2019-03-21 Auto-bracketing is not a good idea because if you generate a lot of low-quality links, they will be suggested only by garbage and âmaking a house into a garbage dumpâ will occur. It is true that keyword extraction on each page and making it into a link would be a disaster. But that is a problem of âlow quality,â not of automation.
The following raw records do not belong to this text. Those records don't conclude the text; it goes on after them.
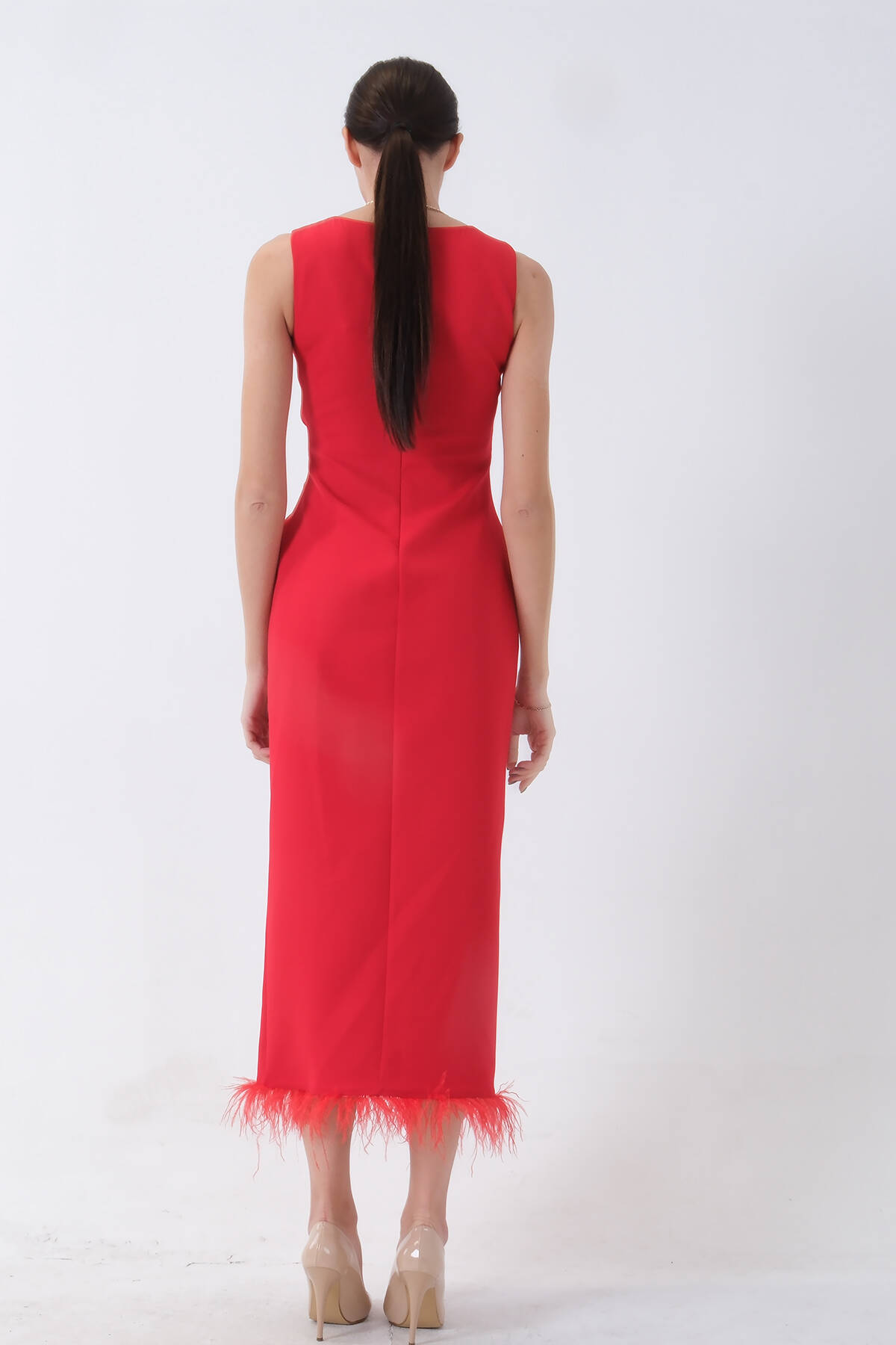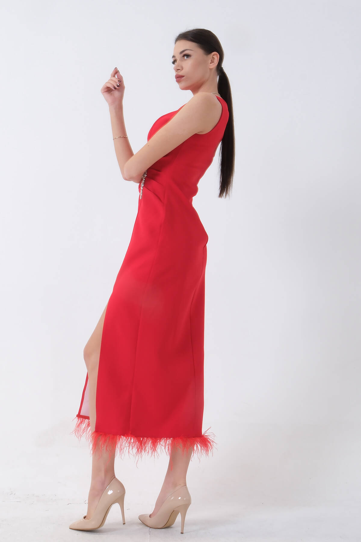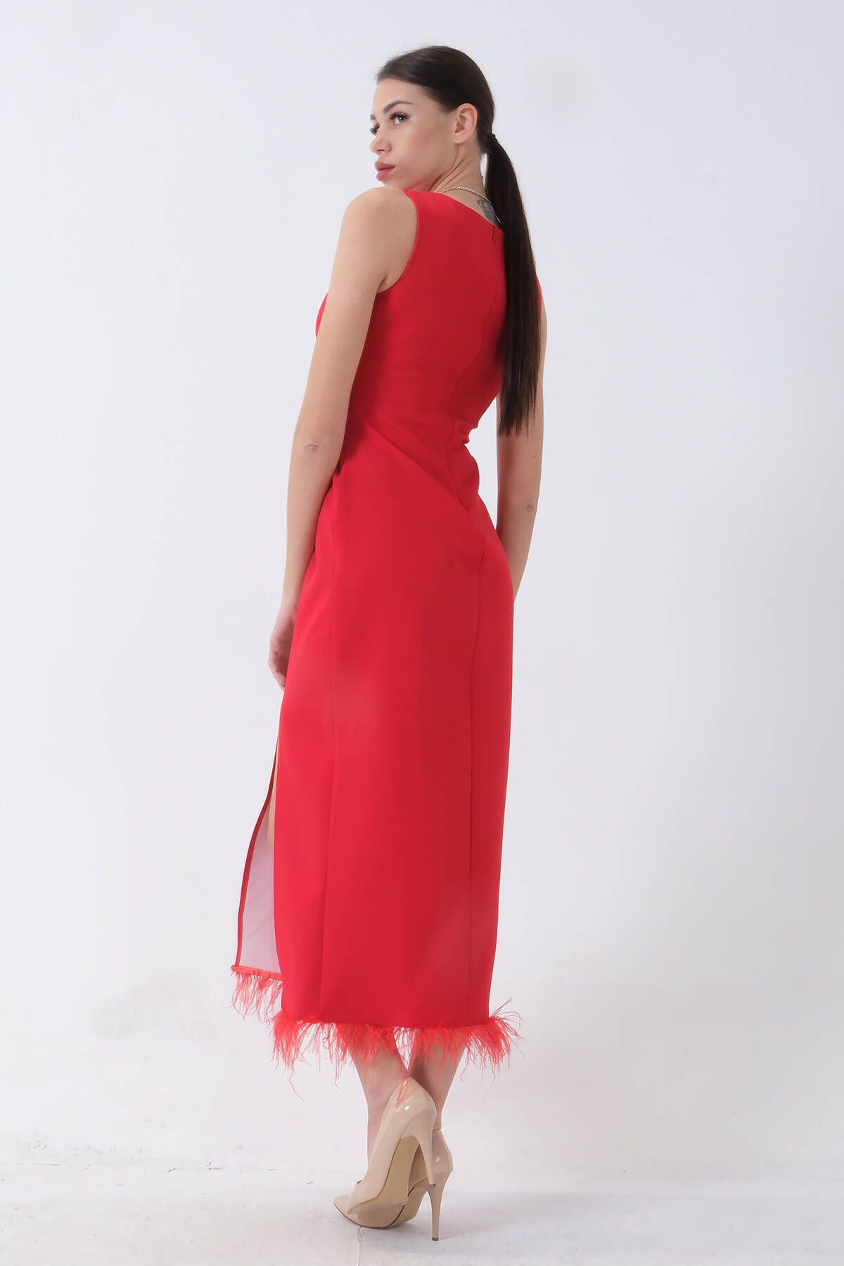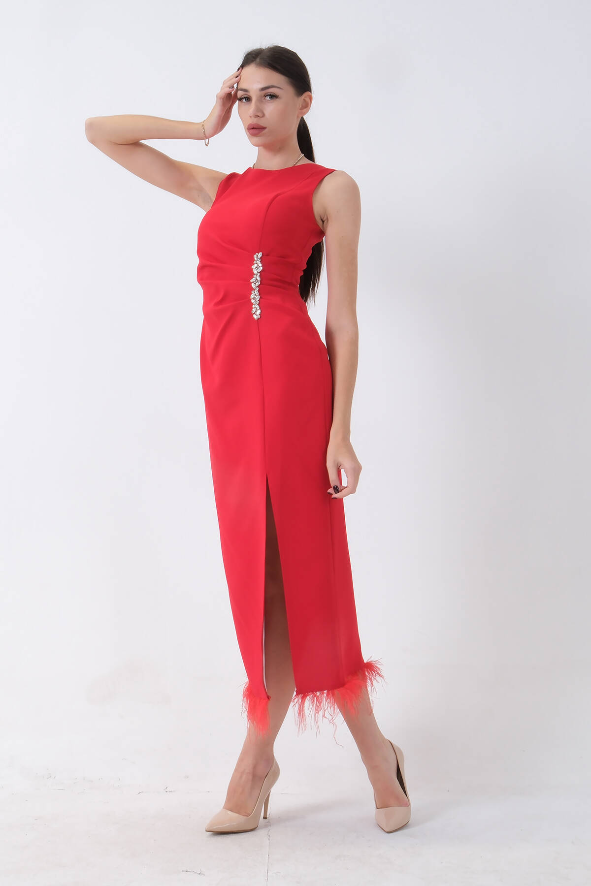 Kırmızı Önü Taş Detaylı Yırtmaçlı Tüy Detaylı Abiye 9705402.08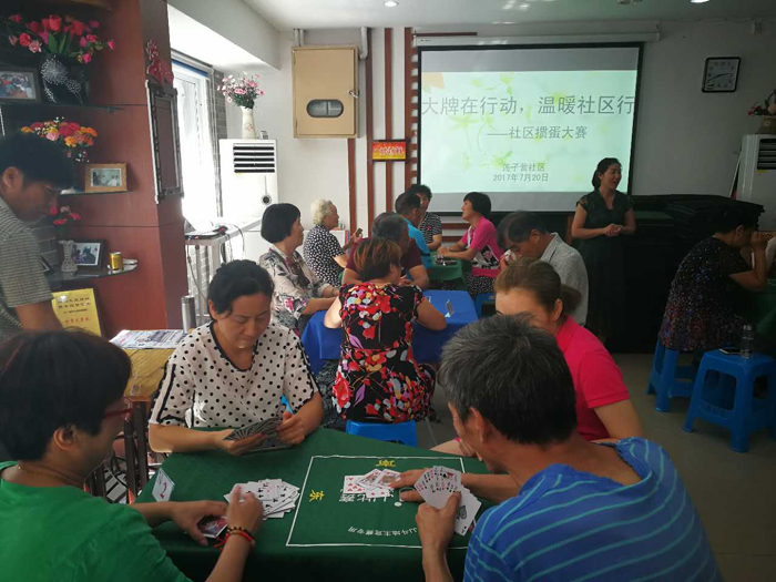 掼蛋比赛是一项从民间娱乐向竞技体育发展的活动,既丰富了居民们的生活,又使居民们体验到对抗、合作的快乐,还增进了社区棋牌爱好者之间的交流。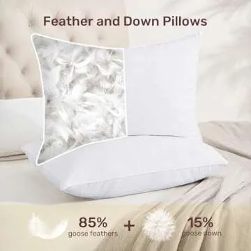 Show more Indulge in the luxurious comfort of the Comfort Down Filled Bed Pillows, meticulously crafted to enhance your sleeping experience. These plush pillows are filled with a harmonious blend of 85% white goose feathers and 15% white goose down, resulting in the perfect balance of softness and support. The down filling is sourced from premium materials, ensuring that the pillows retain their original fluffiness night after night. Wrapped in 100% cotton fabric, these pillows are not only skin-friendly but also feature a breathable design that promotes a restful sleep environment.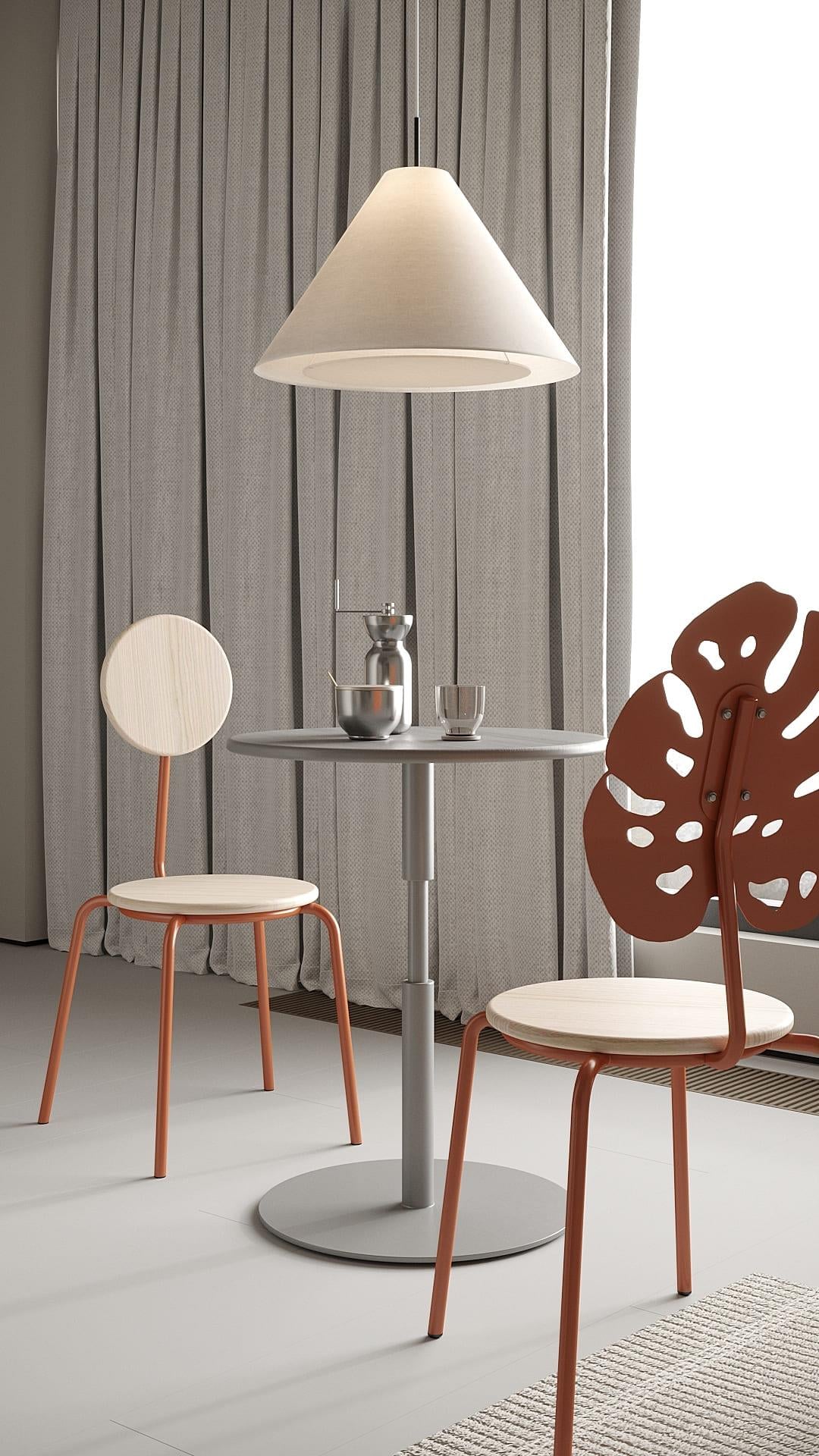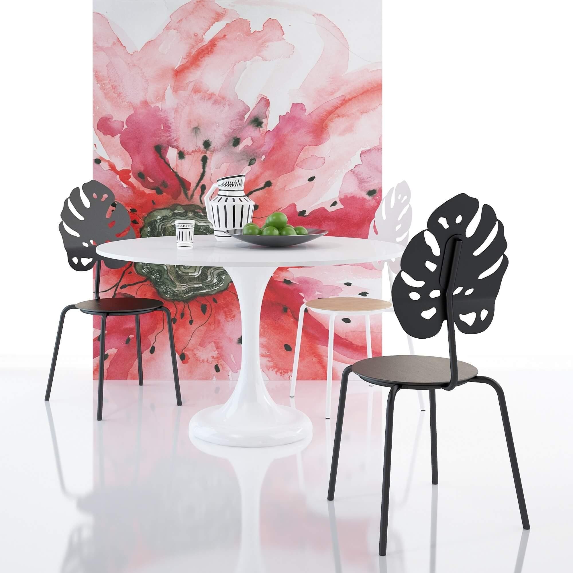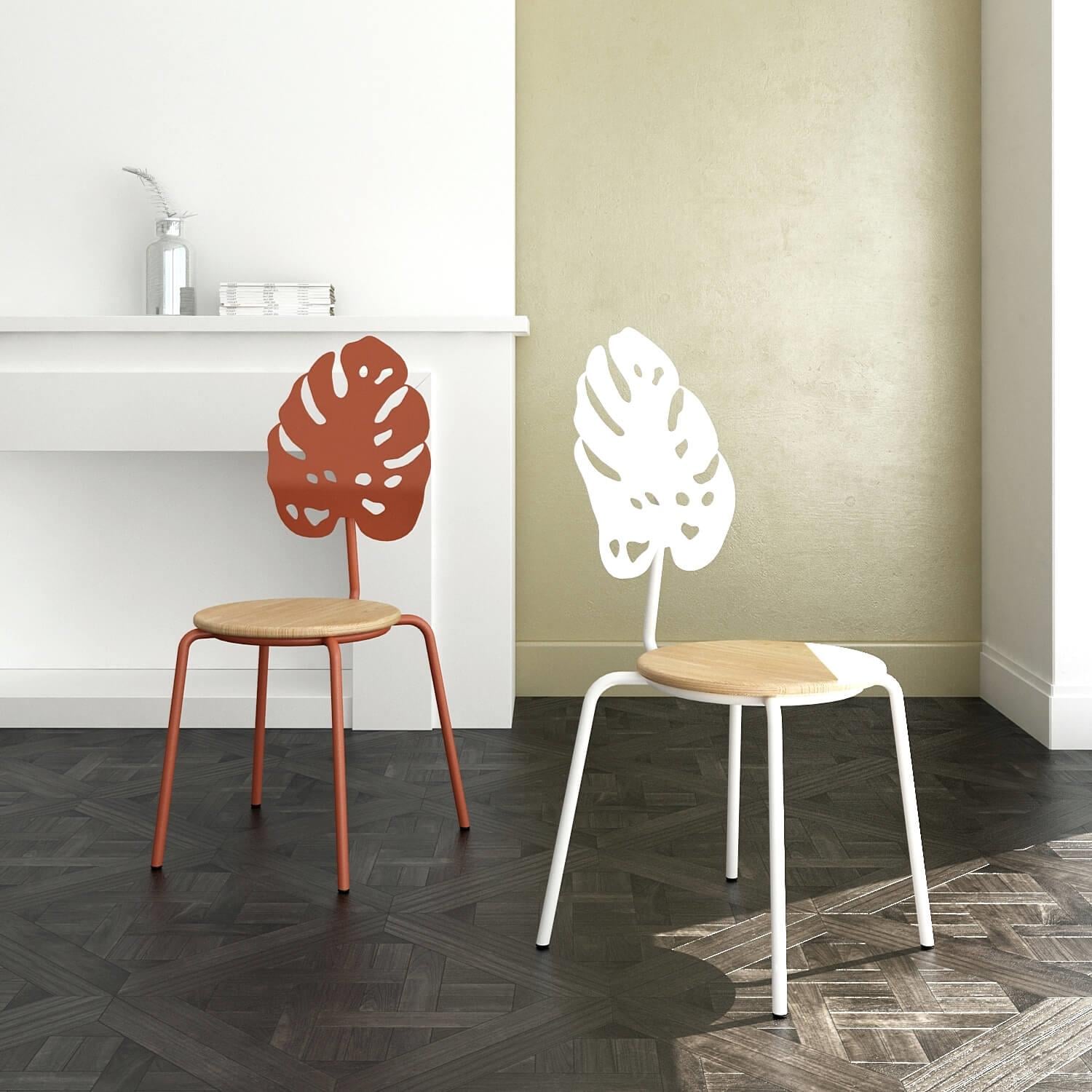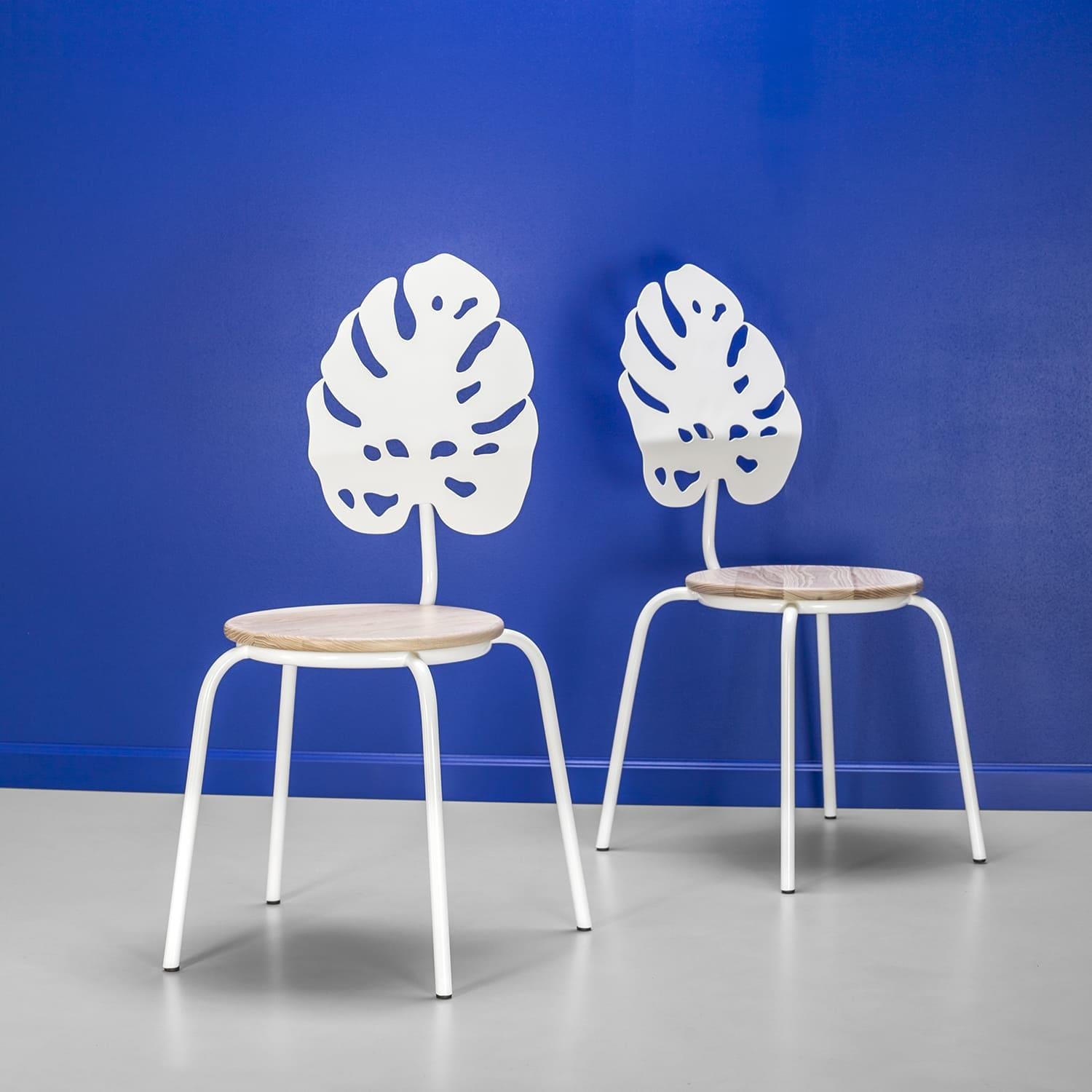 Колекція акцентних стільців Dewy (англ. зволожений) звертає на себе увагу завдяки спинці у вигляді екзотичної рослини Monstera deliciosa. Ергономічно зігнутий сталевий лист виражає ідею створення символічних елементів простими інструментами. Dewy не імітує тропічну обстановку в інтер'єрі, а є чудовим нагадуванням про безтурботне життя в оточенні ласкавого моря, освіжаючого бризу, екзотичної флори і фауни. У холодну пору року, коли за вікном стоїть похмура погода, цей декор зігріває серця господарів та їхніх гостей своїми приємними спогадами про теплі країни. Для вуличних терас можлива модифікація з сидінням з HPL.

What is quality of links?
Consider a bad example
- For example, letâs say each page of a book is a Scrapbox page.
- If a certain keyword X appears 100 times, itâs not appropriate to make it a link all the time.
- If you see a hundred links, itâs just âWow, thatâs a lot of links.
- Then it would still be better to present only the information, âYou will find that keyword in book A.
- This is Examples of unexpected discoveries in searches.
- A keyword is unexpectedly presented as being included in a certain book and feels valuable
- You can open the book and search again to see which specific page in the book it is on.
- There is no straightforward way to achieve this on Scrapbox.
- For example, if each page has a âbook ID (name or ISBN)â, you can use the ID and a set of keywords to narrow down the search within a book.
- If we try to achieve this with a link, we would need a link that expresses âthe occurrence of keyword X in book Aâ.
- If a certain keyword X appears 100 times, itâs not appropriate to make it a link all the time.
Narrow links are useful
-
In other words, âlinks that appear infrequently in other textâ are useful
- On the other hand, my most linked in Scrapbox is the
KJ method
and theEngineer's Intellectual Production Method
.- Words related to the content of interest are naturally frequent.
- The dilemma of choosing something that simply appears infrequently is to choose something that is âuninterestingâ.
- On the other hand, my most linked in Scrapbox is the
-
Similar concept to [IDF
- If all links are equivalent, then it is a function of IDF
- In fact, the links are not equivalent.
- The same âfive timesâ but these are different in usefulness.
- In fact, the links are not equivalent.
- If all links are equivalent, then it is a function of IDF
-
Links between distant objects are beneficial.
-
So there is ânearâ and âfarâ as a relationship between pages
- How is this defined?
-
What is Page proximity?
-
Pages belonging to the same chapter are close pages
- This should give the chapter structure as metadata
-
Pages belonging to the same authorâs book are close pages
-
Book > Chapter > Section ⊠Hierarchical Structure
-
When the lower structure contains keywords, the upper structure also contains keywords.
- This has a pooling feel to it.
- Hierarchical structure is a good fit for Given
- A keyword that appears five times in the same book is different from a keyword that appears five times in the same chapter or five times across chapters.
- pooling Then the former would be one time and the latter five times.
- Higher IDFs in higher tiers are more valuable.
- A keyword that appears five times in the same book is different from a keyword that appears five times in the same chapter or five times across chapters.
-
What if the hierarchical structure is not Given?
- Assuming a book, adjacent pages are close pages
- Pages with similar content (= many keywords in common) are close pages
- Hierarchical structures can be created by Agglomerative Hierarchical Clustering.
-
- [[Proximity is determined by search]] Can't you?
- [[nodal point of thought 2019-02-18#5c6a9ccfaff09e00004ee473|5c6a9ccfaff09e00004ee473]] as it relates to
-
Bonus if the link already exists in Scrapbox
-
I want it to be able to run incrementally.
-
I hope it can be improved incrementally.
This page is auto-translated from /nishio/èȘćăă©ă±ăăŁăłă° using DeepL. If you looks something interesting but the auto-translated English is not good enough to understand it, feel free to let me know at @nishio_en. Iâm very happy to spread my thought to non-Japanese readers.